Dataset entries:

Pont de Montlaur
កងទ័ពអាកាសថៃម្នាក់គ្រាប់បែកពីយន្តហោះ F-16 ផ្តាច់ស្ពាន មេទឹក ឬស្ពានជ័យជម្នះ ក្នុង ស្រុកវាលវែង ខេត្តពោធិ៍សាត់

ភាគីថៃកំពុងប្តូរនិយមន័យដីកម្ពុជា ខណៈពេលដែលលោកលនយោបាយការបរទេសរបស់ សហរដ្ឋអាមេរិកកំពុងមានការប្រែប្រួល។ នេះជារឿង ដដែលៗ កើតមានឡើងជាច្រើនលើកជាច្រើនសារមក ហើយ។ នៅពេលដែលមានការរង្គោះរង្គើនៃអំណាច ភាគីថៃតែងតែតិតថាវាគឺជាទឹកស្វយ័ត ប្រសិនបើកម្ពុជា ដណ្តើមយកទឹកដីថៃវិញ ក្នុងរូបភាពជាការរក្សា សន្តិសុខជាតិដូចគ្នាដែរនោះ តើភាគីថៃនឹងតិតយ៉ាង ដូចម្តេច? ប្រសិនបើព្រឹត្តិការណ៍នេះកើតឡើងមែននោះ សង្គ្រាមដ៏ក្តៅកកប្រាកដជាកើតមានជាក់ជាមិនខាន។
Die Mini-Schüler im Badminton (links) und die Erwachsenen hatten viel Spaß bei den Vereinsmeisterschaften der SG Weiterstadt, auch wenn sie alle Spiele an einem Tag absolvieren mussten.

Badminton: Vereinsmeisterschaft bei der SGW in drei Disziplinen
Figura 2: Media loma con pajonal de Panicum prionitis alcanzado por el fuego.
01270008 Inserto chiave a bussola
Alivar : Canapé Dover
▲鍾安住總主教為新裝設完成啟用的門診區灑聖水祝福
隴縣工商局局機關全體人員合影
==
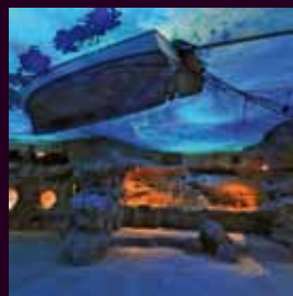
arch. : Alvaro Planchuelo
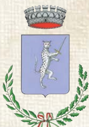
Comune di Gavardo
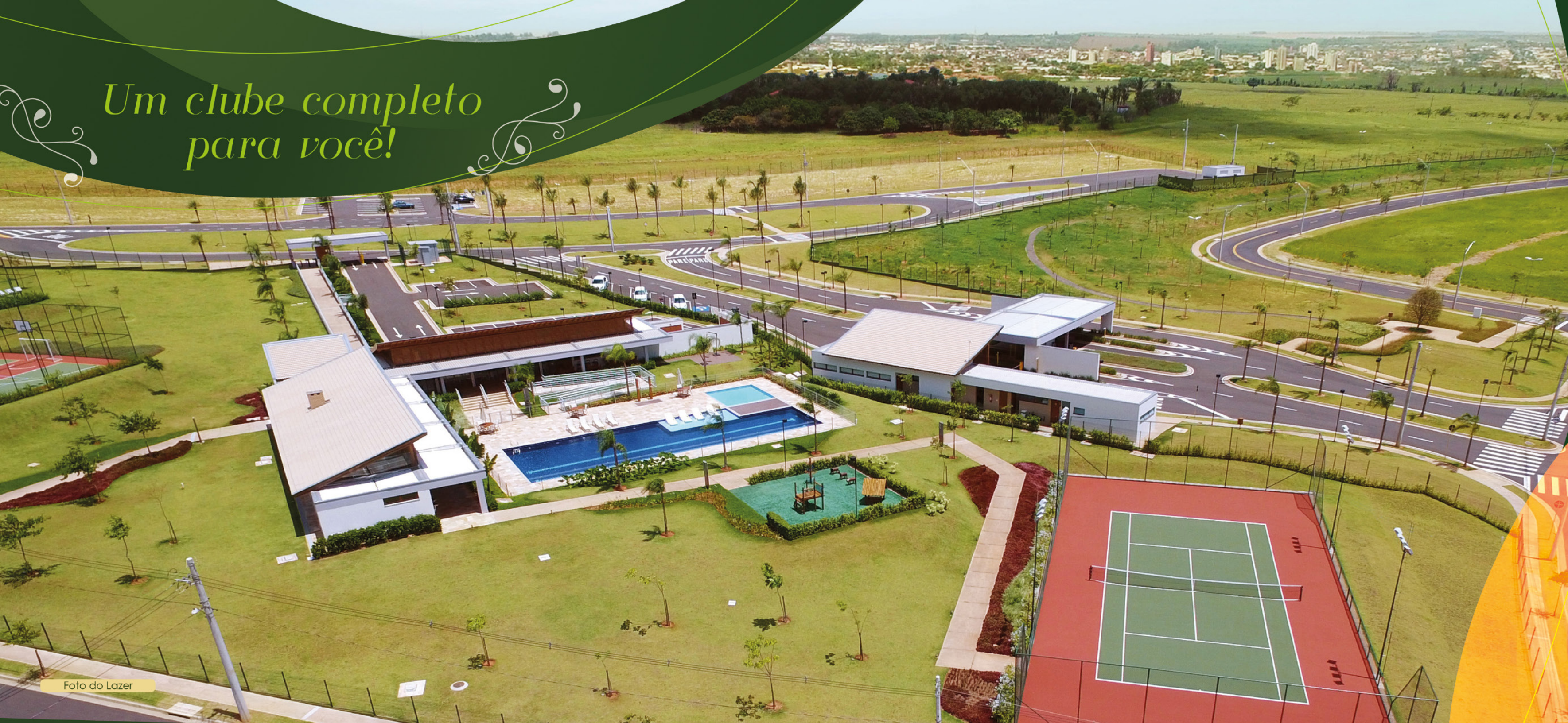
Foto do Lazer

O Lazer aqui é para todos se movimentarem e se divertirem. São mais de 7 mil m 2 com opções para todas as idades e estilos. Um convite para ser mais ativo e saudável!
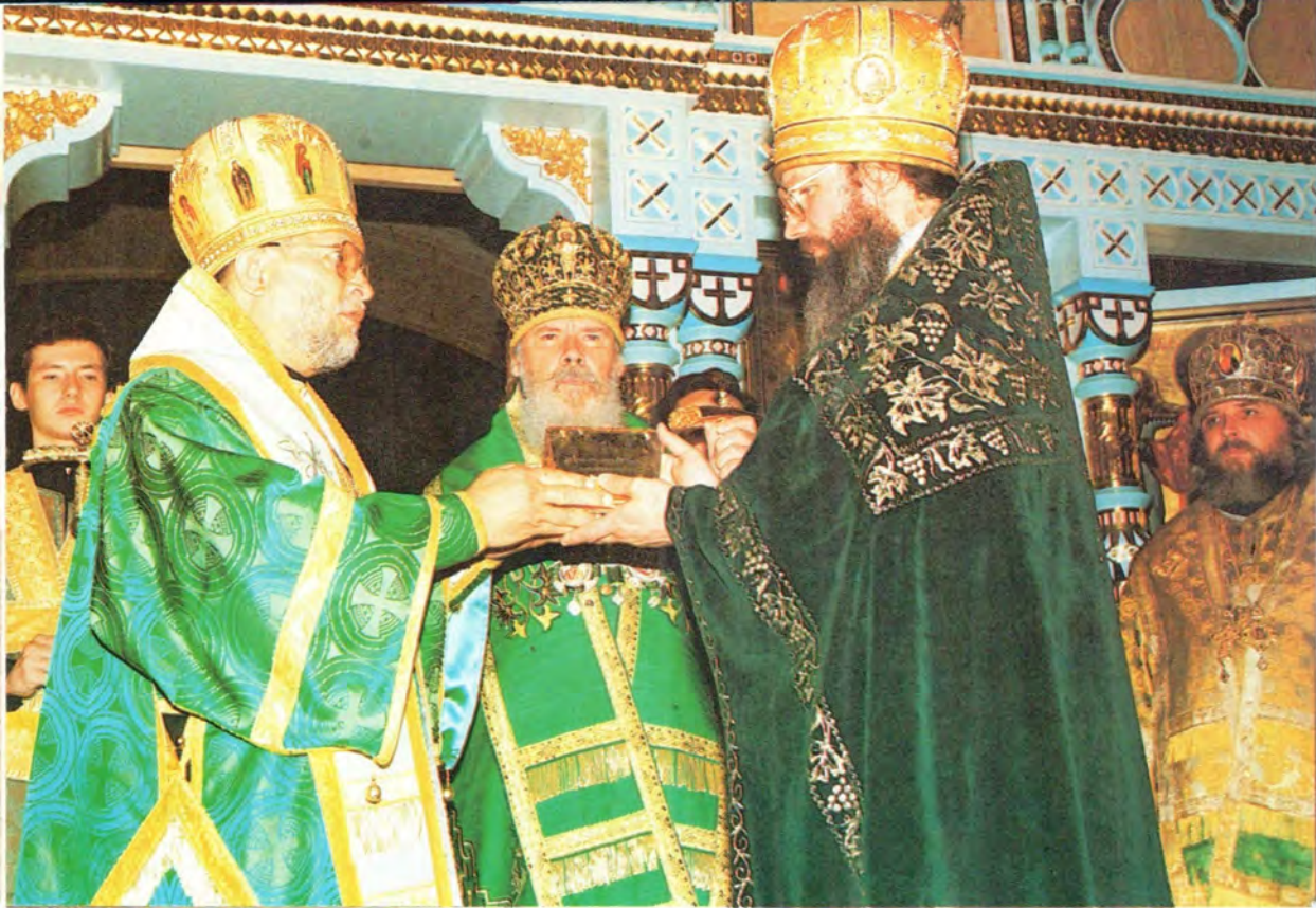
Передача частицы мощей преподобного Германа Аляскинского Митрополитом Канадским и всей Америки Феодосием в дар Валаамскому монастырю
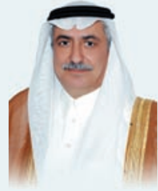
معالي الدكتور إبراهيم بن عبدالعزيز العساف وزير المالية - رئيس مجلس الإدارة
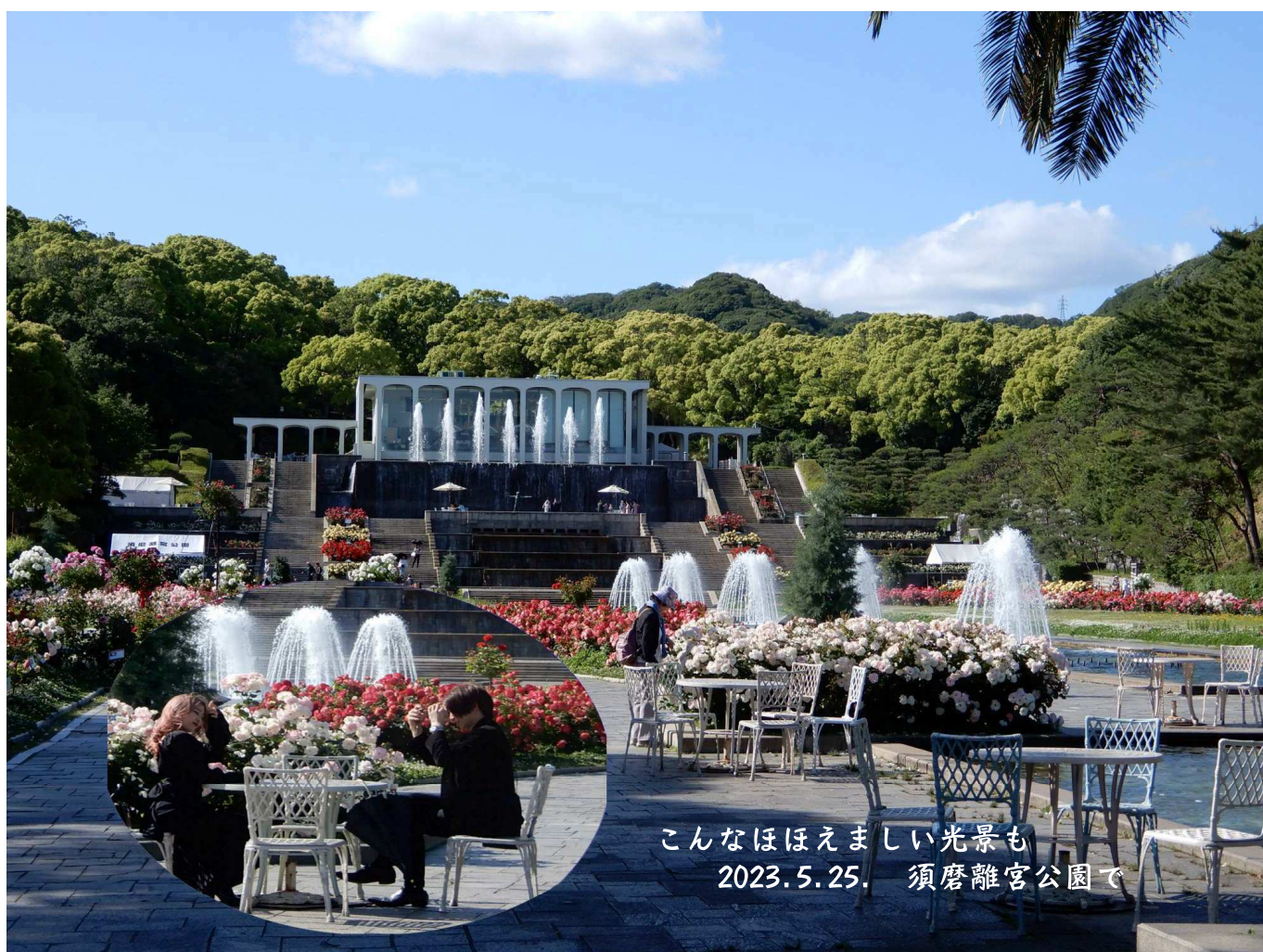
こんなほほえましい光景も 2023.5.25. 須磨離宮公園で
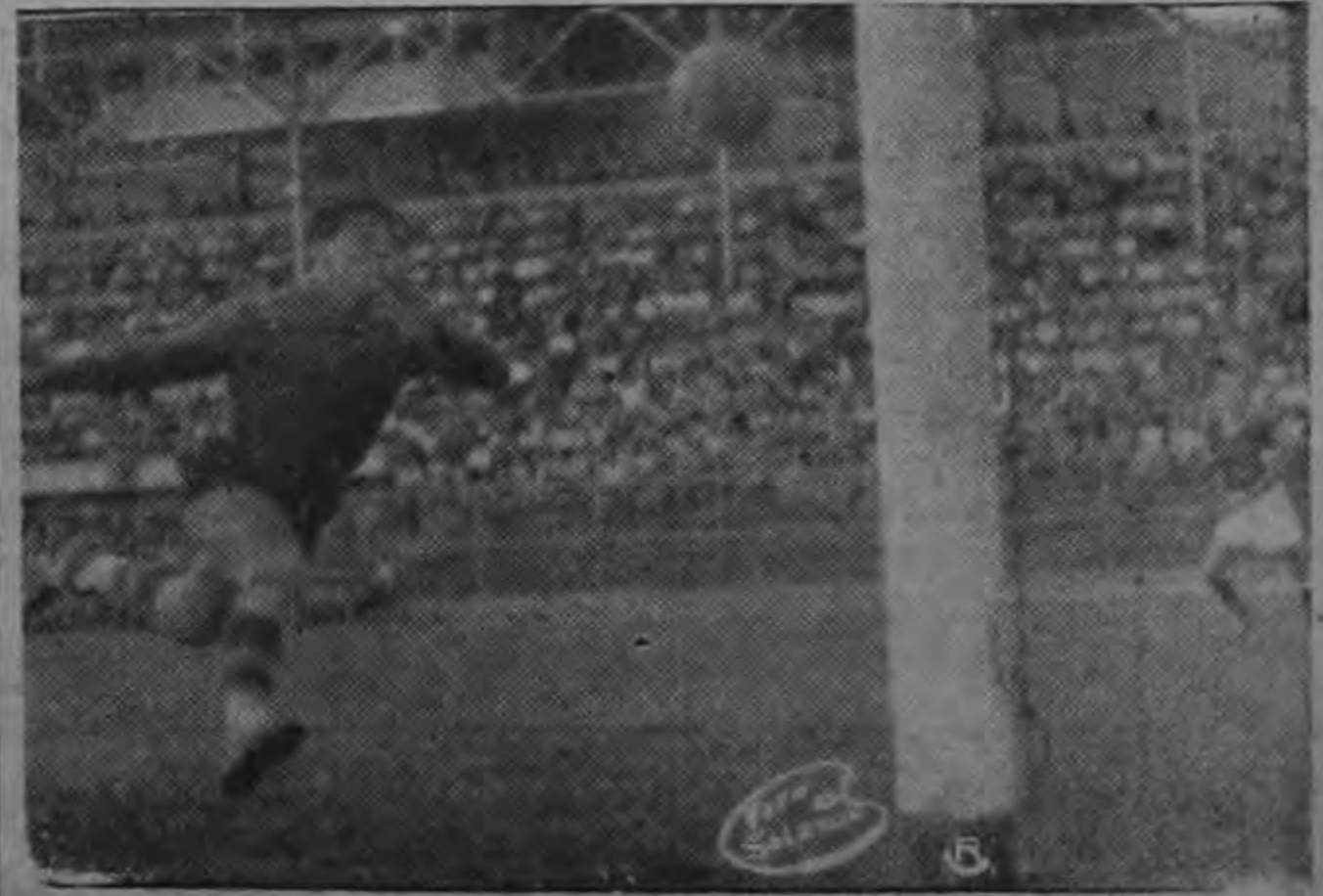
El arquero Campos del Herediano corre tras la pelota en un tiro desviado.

• _Task requirements_:
Please copy the lines above from the line with "Pont de Montlaur" up to and including the line with "កងទ័ពអាកាសថៃម្នាក់គ្រាប់បែកពីយន្តហោះ F-16 ផ្តាច់ស្ពាន", exactly as written and with nothing else.

• _Exercise result_:
Pont de Montlaur
កងទ័ពអាកាសថៃម្នាក់គ្រាប់បែកពីយន្តហោះ F-16 ផ្តាច់ស្ពាន មេទឹក ឬស្ពានជ័យជម្នះ ក្នុង ស្រុកវាលវែង ខេត្តពោធិ៍សាត់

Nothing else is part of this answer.